(Source records)
━━━━━━━━━━━━━━━━━━━━

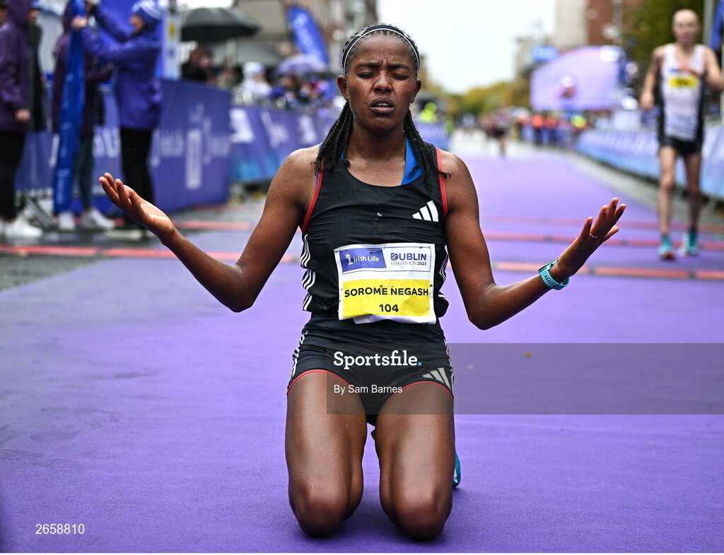 29 October 2023; Amente Sorome Negash celebrates after winning the women's event during the 2023 Irish Life Dublin Marathon. Thousands of runners took to the Fitzwilliam Square start line, to participate in the 42nd running of the Dublin Marathon. Photo by Sam Barnes/Sportsfile
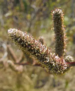 Se trata de un arbusto de ribera que alcanza un tamaño de uno a cuatro metros de altura. Los tallos de color pardo amarillento o rojizo son ligeramente peludos en la textura, las pequeñas ramitas están recubiertas de fibras de terciopelo. Las hojas tienen, por lo general, forma de lanza, bordes suaves o dientes suaves, y parcialmente enrollada debajo de los bordes. Las hojas son peludas, con las superficies inferiores a menudo bastante lanosas. Las hojas maduras pueden tener 14 centímetros de largo o más. La inflorescencia se desarrolla antes que la planta produzca las hojas. Los amentos tienen hasta 5 o 6 centímetros de largo.
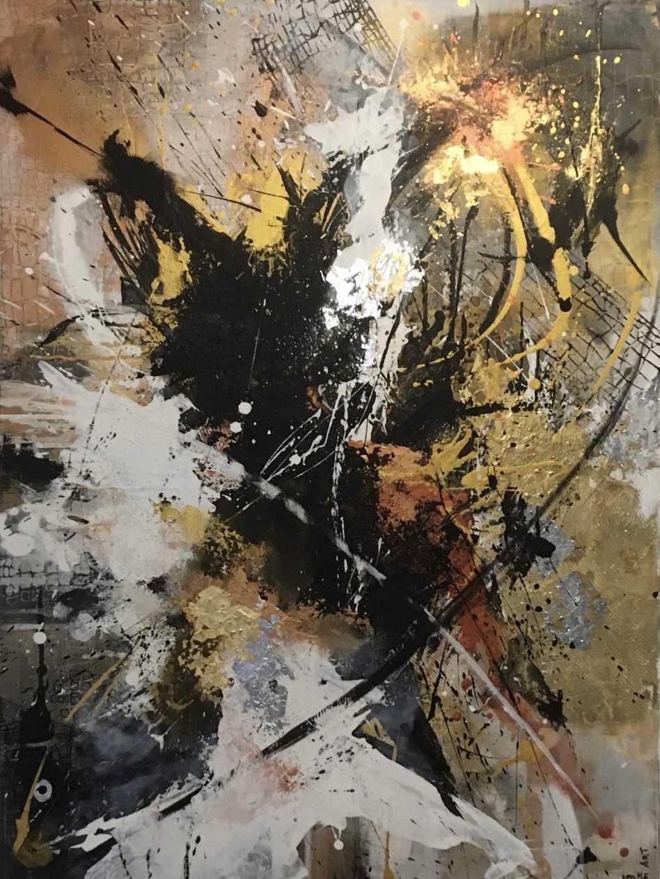 Schilderij mixed media 80 x100x3,5 cm. Acryl op canvas 3 D doek. Verwerking met blad goud en blad zilver, glas granulaat, goud poeder. Afwerking mat vernis+ . Ophangsysteem.
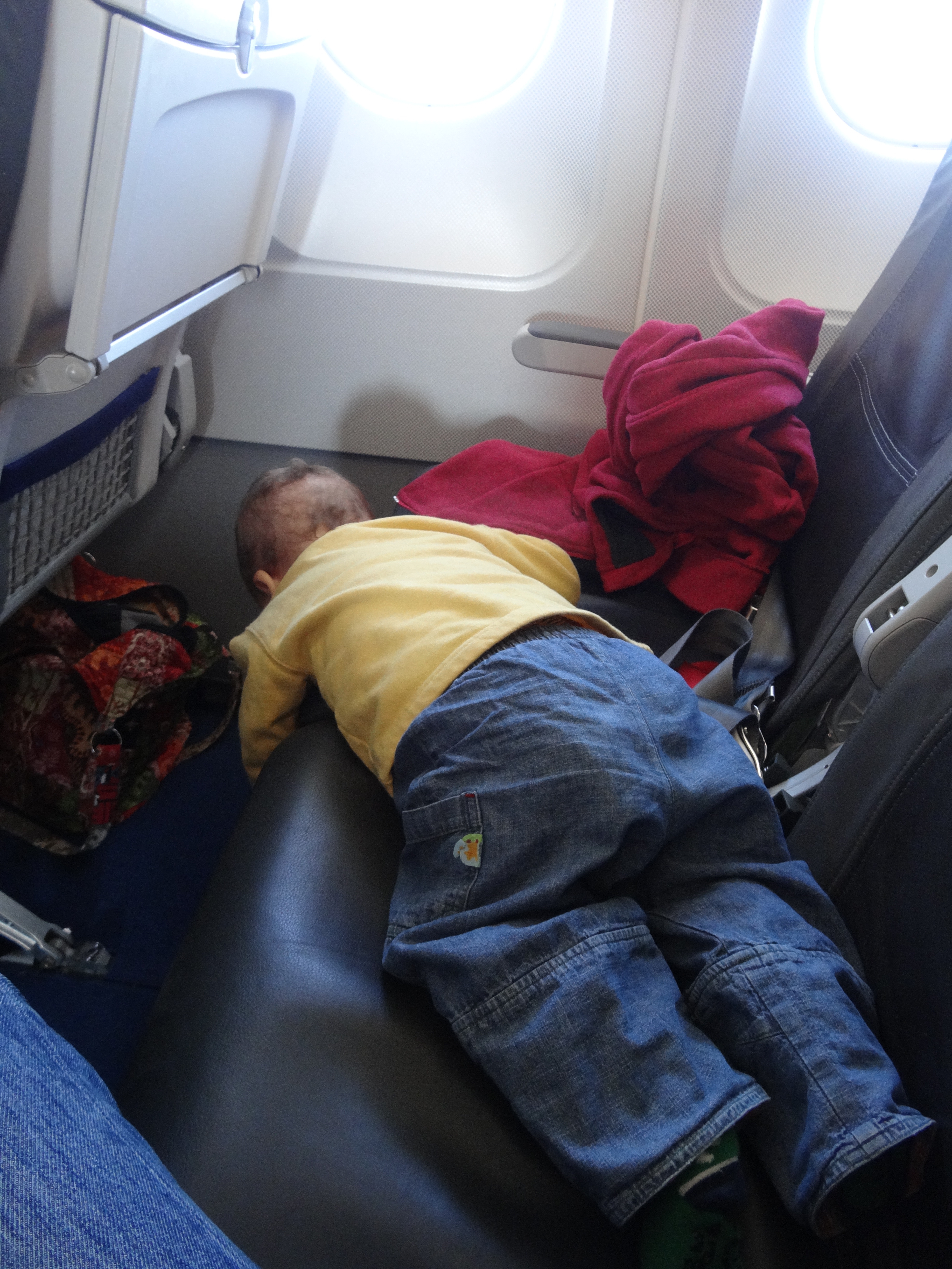 Le trajet s’est plutôt bien passé, puisqu’Adrien a dormi presque tout le vol. Une hôtesse est venue nous demander à 23h (?!) si nous avions besoin d’un petit pot pour le bébé.
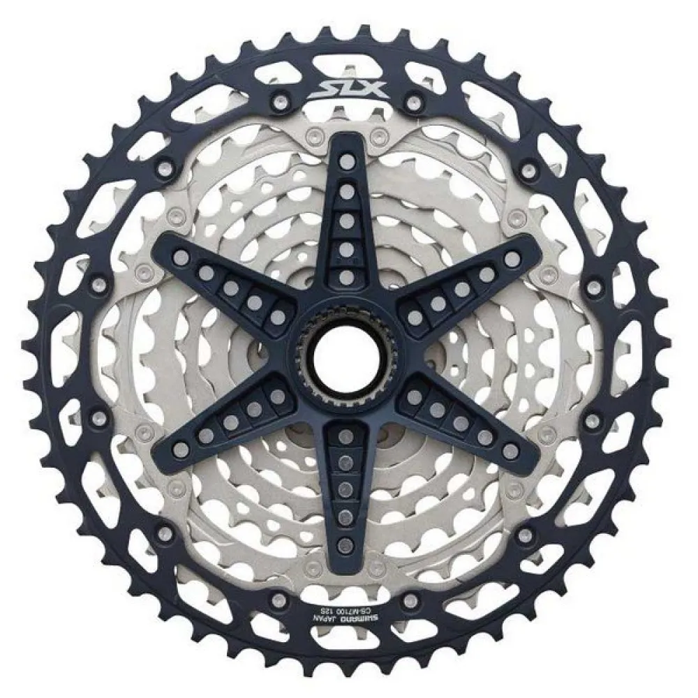 Kassette: 12-V-Kassetten. Der SLX enthält die MICRO SPLINE-Kernankertechnologie und ist in 10 45T-Ausführungen für kleinere Ritzelsprünge und 10 51D in der Entwicklung für eine größere Übertragungsreichweite erhältlich. Beide Kassetten sind mit der HYPERGLIDE + -Technologie ausgestattet, die einen schnellen und sehr leisen Wechsel ermöglicht. Die Kassetten sind mit einem Aluminium-Spider für die Aufnahme der elf Stahlkronen sowie der größten Aluminiumkrone ausgestattet, um hinsichtlich Haltbarkeit, Gewicht und Fahrstil ein optimales Ergebnis zu erzielen. Die Kassette CS M7100 12 10 51T wiegt 534 g und die Option 10 45T wiegt 513 g.
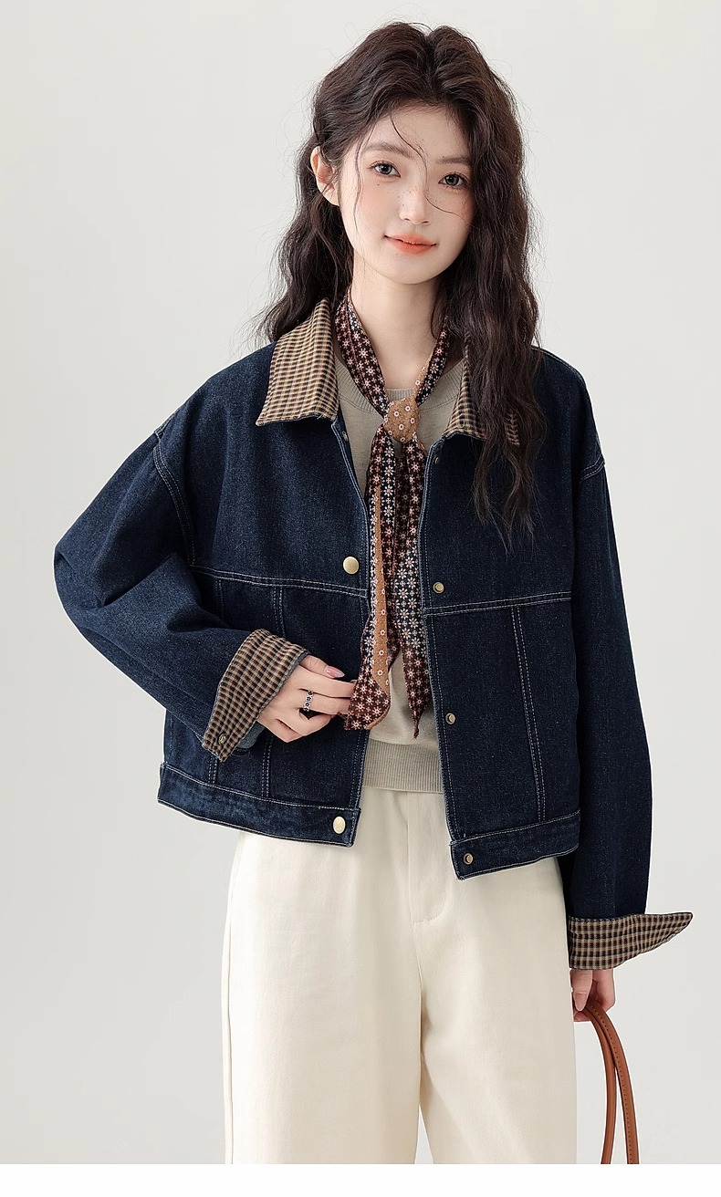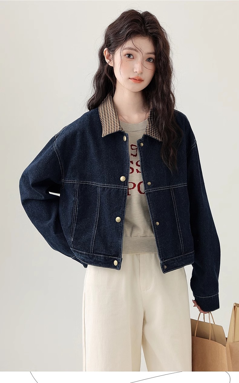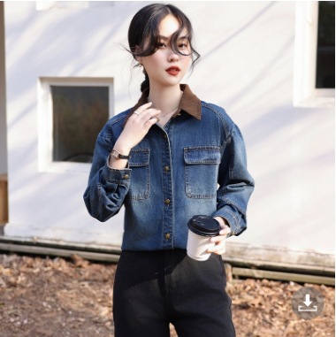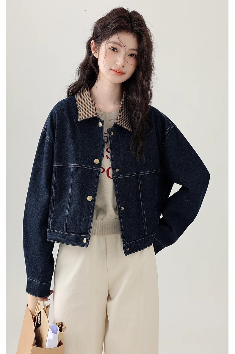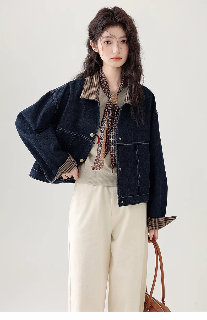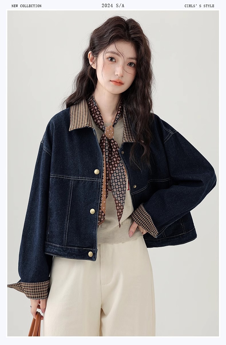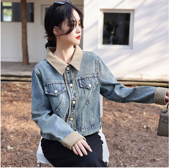 봄 2025 새로운 홍콩 스타일 옷깃 무늬 데님 짧은 코트 여성용 작은 재킷 탑스토어 가기
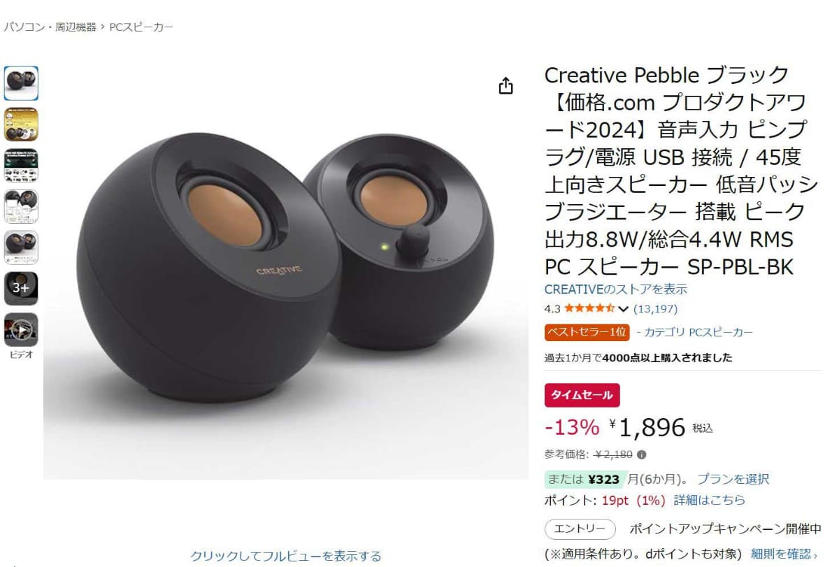 クリエイティブ、RGBライト搭載の球形小型スピーカー。期間限定で2979円
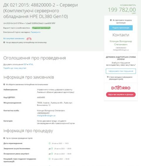 Управління з питань цифрового розвитку Львівської ОВА оголосило тендер у системі ProZorro з придбання серверів (комплектуючі серверного обладнання HPE DL380 Gen10), яку переможець тендеру має поставити до 17 липня 2023 року.
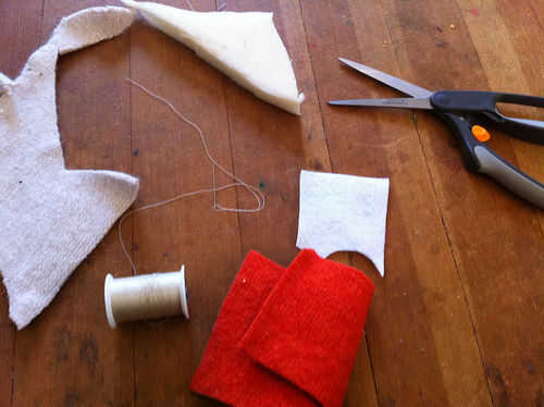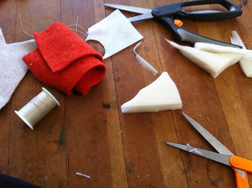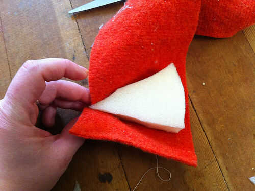 He cosido el punto de la cuña, luego resultó la derecha fieltro y había cosido a la espuma.
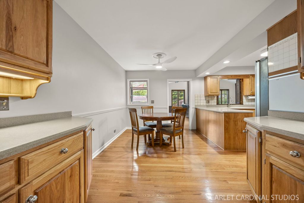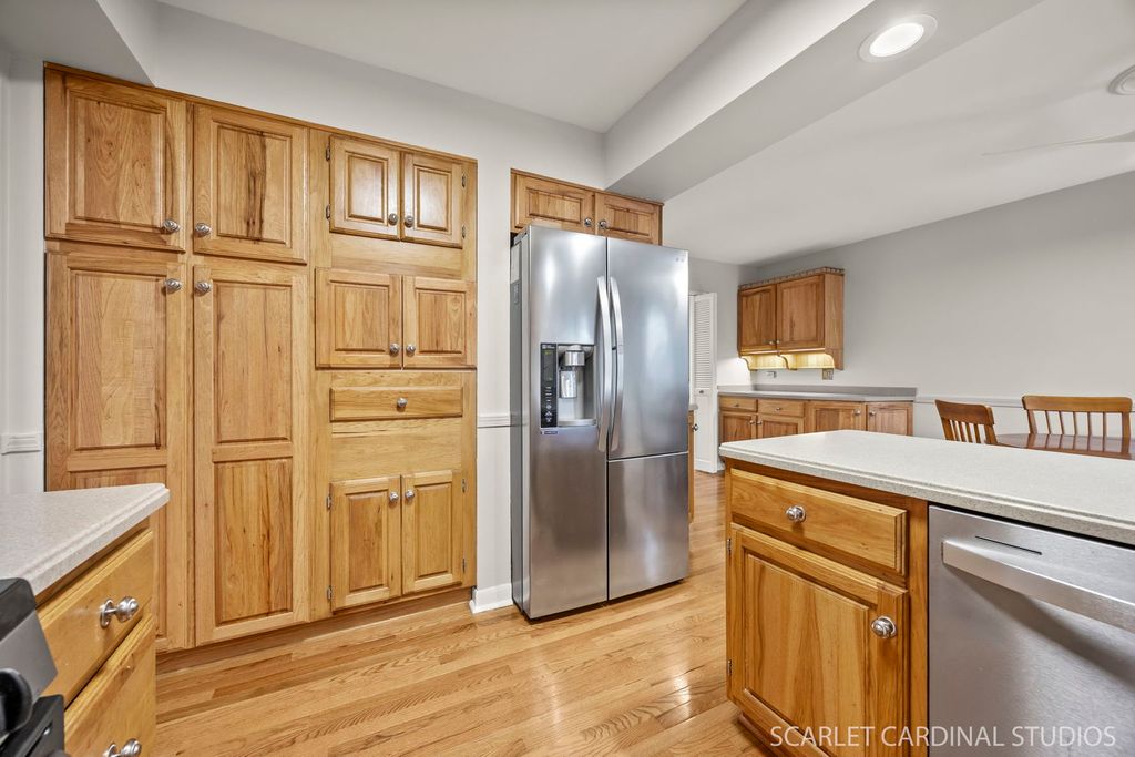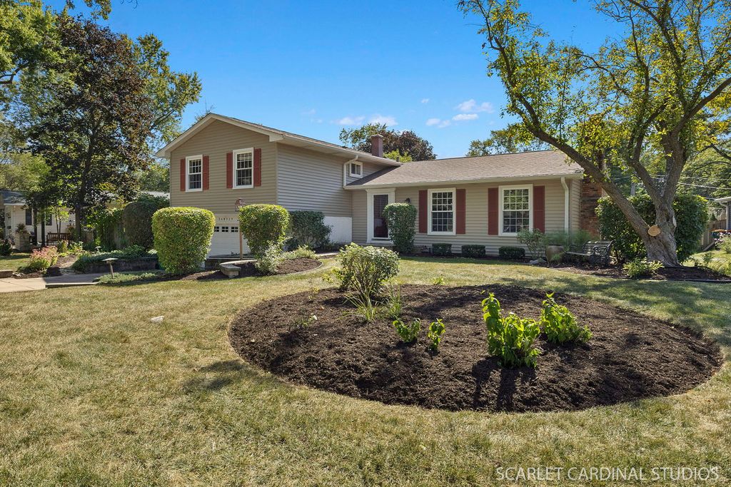 Welcome to this spacious and beautifully maintained 4-bedroom, 2.1-bath tri-level home nestled in one of Winfield's most sought-after neighborhoods! Located on a mature, tree-lined street and served by the award-winning Wheaton District 200 schools, this turn key home offers the perfect blend of comfort, charm, and convenience! The main level showcases hardwood floors throughout; a welcoming foyer with coat closet; a generously sized living room with a cozy gas fireplace; a formal dining room perfect for entertaining; a kitchen which features abundant cabinetry and a casual dining area; an expansive family room addition with a vaulted ceiling featuring an impressive natural wood beam accent for that warm rustic touch, floor-to-ceiling brick wood-burning fireplace you will love as fall gives way to winter, a wet bar, and custom wall of built-ins...all providing the perfect setting for relaxation or hosting. Sliding glass doors open to a multi-tiered deck overlooking a beautifully landscaped backyard-ideal for morning coffee or al fresco dining. Upstairs....also offering hardwood flooring...you'll find a spacious primary bedroom with a private ensuite bath; three additional bedrooms; and a full hall bath. The walk-out lower level adds valuable living space, including a rec room; a laundry space; and a convenient powder room. Additional features include a deep 2-car garage, and a huge concrete crawlspace offering excellent storage. Don't miss this opportunity to own a warm and inviting home in a prime location! Updates Include- Roof 2019, water heater 2020, washer & dryer 2017, furnace 2020, AC 2023, refrigerator 2020, dishwasher 2022, deck expanded & updated 2021, interior painting 2025, updated light fixtures and ceiling fans 2025.
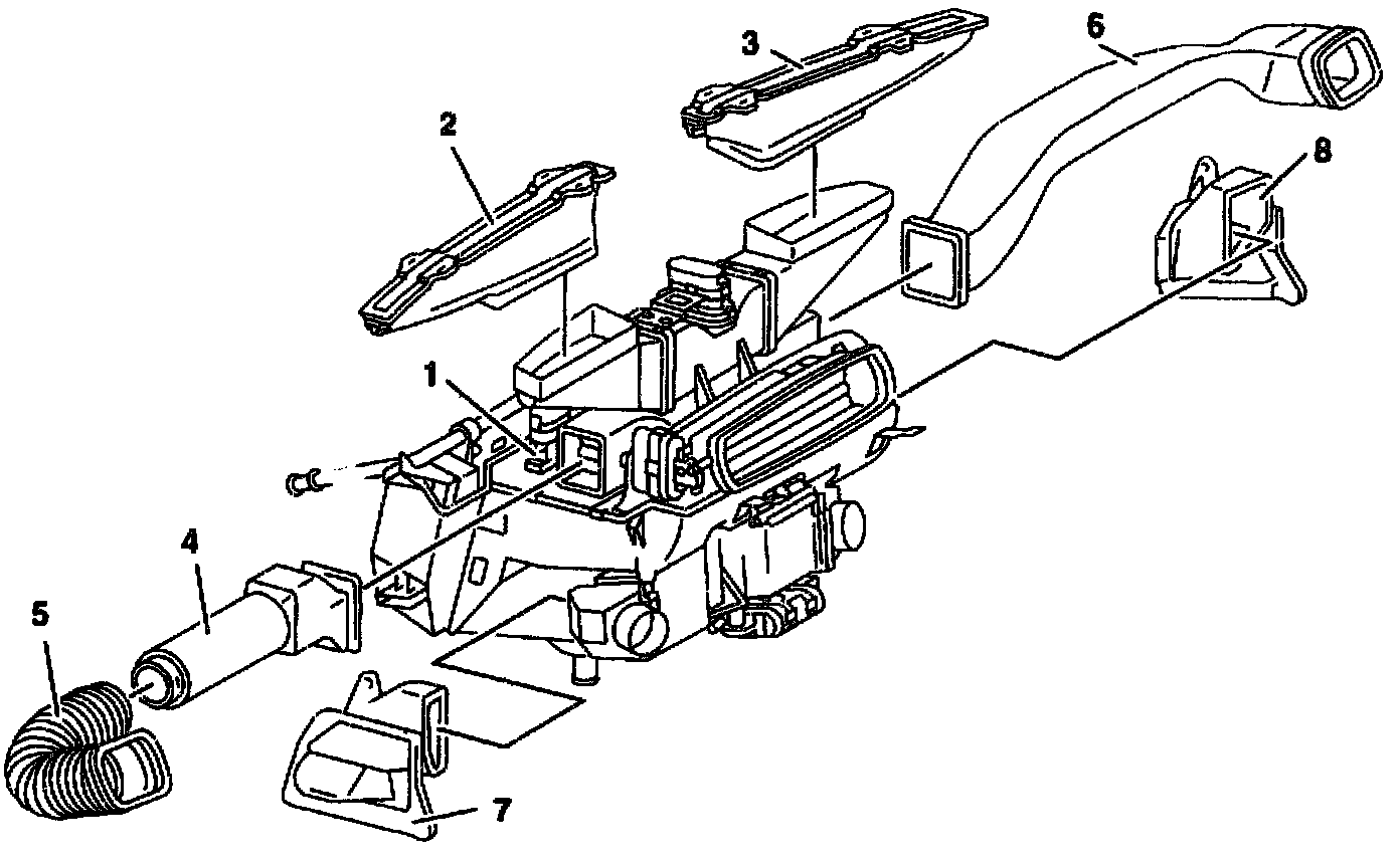 The air ducts for the defroster nozzles (2 and 3) are located at the top of the automatic A/C housing (1) and are integrated into the instrument panel.

━━━━━━━━━━━━━━━━━━━━

### Action item
Set down every entry exactly as it appears, but skip the pictures.

### Answer for this exercise
 29 October 2023; Amente Sorome Negash celebrates after winning the women's event during the 2023 Irish Life Dublin Marathon. Thousands of runners took to the Fitzwilliam Square start line, to participate in the 42nd running of the Dublin Marathon. Photo by Sam Barnes/Sportsfile
 Se trata de un arbusto de ribera que alcanza un tamaño de uno a cuatro metros de altura. Los tallos de color pardo amarillento o rojizo son ligeramente peludos en la textura, las pequeñas ramitas están recubiertas de fibras de terciopelo. Las hojas tienen, por lo general, forma de lanza, bordes suaves o dientes suaves, y parcialmente enrollada debajo de los bordes. Las hojas son peludas, con las superficies inferiores a menudo bastante lanosas. Las hojas maduras pueden tener 14 centímetros de largo o más. La inflorescencia se desarrolla antes que la planta produzca las hojas. Los amentos tienen hasta 5 o 6 centímetros de largo.
 Schilderij mixed media 80 x100x3,5 cm. Acryl op canvas 3 D doek. Verwerking met blad goud en blad zilver, glas granulaat, goud poeder. Afwerking mat vernis+ . Ophangsysteem.
 Le trajet s’est plutôt bien passé, puisqu’Adrien a dormi presque tout le vol. Une hôtesse est venue nous demander à 23h (?!) si nous avions besoin d’un petit pot pour le bébé.
 Kassette: 12-V-Kassetten. Der SLX enthält die MICRO SPLINE-Kernankertechnologie und ist in 10 45T-Ausführungen für kleinere Ritzelsprünge und 10 51D in der Entwicklung für eine größere Übertragungsreichweite erhältlich. Beide Kassetten sind mit der HYPERGLIDE + -Technologie ausgestattet, die einen schnellen und sehr leisen Wechsel ermöglicht. Die Kassetten sind mit einem Aluminium-Spider für die Aufnahme der elf Stahlkronen sowie der größten Aluminiumkrone ausgestattet, um hinsichtlich Haltbarkeit, Gewicht und Fahrstil ein optimales Ergebnis zu erzielen. Die Kassette CS M7100 12 10 51T wiegt 534 g und die Option 10 45T wiegt 513 g.
 봄 2025 새로운 홍콩 스타일 옷깃 무늬 데님 짧은 코트 여성용 작은 재킷 탑스토어 가기
 クリエイティブ、RGBライト搭載の球形小型スピーカー。期間限定で2979円
 Управління з питань цифрового розвитку Львівської ОВА оголосило тендер у системі ProZorro з придбання серверів (комплектуючі серверного обладнання HPE DL380 Gen10), яку переможець тендеру має поставити до 17 липня 2023 року.
 He cosido el punto de la cuña, luego resultó la derecha fieltro y había cosido a la espuma.
 Welcome to this spacious and beautifully maintained 4-bedroom, 2.1-bath tri-level home nestled in one of Winfield's most sought-after neighborhoods! Located on a mature, tree-lined street and served by the award-winning Wheaton District 200 schools, this turn key home offers the perfect blend of comfort, charm, and convenience! The main level showcases hardwood floors throughout; a welcoming foyer with coat closet; a generously sized living room with a cozy gas fireplace; a formal dining room perfect for entertaining; a kitchen which features abundant cabinetry and a casual dining area; an expansive family room addition with a vaulted ceiling featuring an impressive natural wood beam accent for that warm rustic touch, floor-to-ceiling brick wood-burning fireplace you will love as fall gives way to winter, a wet bar, and custom wall of built-ins...all providing the perfect setting for relaxation or hosting. Sliding glass doors open to a multi-tiered deck overlooking a beautifully landscaped backyard-ideal for morning coffee or al fresco dining. Upstairs....also offering hardwood flooring...you'll find a spacious primary bedroom with a private ensuite bath; three additional bedrooms; and a full hall bath. The walk-out lower level adds valuable living space, including a rec room; a laundry space; and a convenient powder room. Additional features include a deep 2-car garage, and a huge concrete crawlspace offering excellent storage. Don't miss this opportunity to own a warm and inviting home in a prime location! Updates Include- Roof 2019, water heater 2020, washer & dryer 2017, furnace 2020, AC 2023, refrigerator 2020, dishwasher 2022, deck expanded & updated 2021, interior painting 2025, updated light fixtures and ceiling fans 2025.
 The air ducts for the defroster nozzles (2 and 3) are located at the top of the automatic A/C housing (1) and are integrated into the instrument panel.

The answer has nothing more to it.